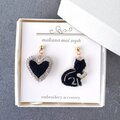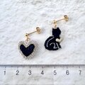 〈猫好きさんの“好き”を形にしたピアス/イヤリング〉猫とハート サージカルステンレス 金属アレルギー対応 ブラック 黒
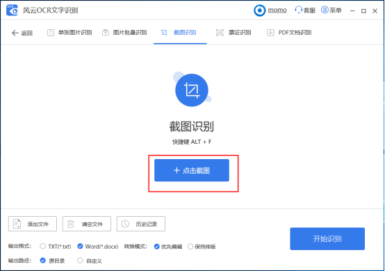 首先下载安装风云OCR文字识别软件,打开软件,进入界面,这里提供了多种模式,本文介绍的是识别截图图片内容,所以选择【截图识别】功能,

━━━━

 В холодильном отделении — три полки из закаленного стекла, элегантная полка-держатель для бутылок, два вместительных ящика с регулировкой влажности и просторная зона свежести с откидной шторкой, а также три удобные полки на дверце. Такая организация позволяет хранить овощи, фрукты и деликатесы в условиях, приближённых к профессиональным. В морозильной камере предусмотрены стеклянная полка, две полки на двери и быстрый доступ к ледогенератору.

━━━━

Look above for the line with "金属アレルギー対応 ブラック 黒" and the line with "首先下载安装风云OCR文字识". Give again exactly those two lines and all lines between them, pictures excluded.

# Exercise result
 〈猫好きさんの“好き”を形にしたピアス/イヤリング〉猫とハート サージカルステンレス 金属アレルギー対応 ブラック 黒
 首先下载安装风云OCR文字识别软件,打开软件,进入界面,这里提供了多种模式,本文介绍的是识别截图图片内容,所以选择【截图识别】功能,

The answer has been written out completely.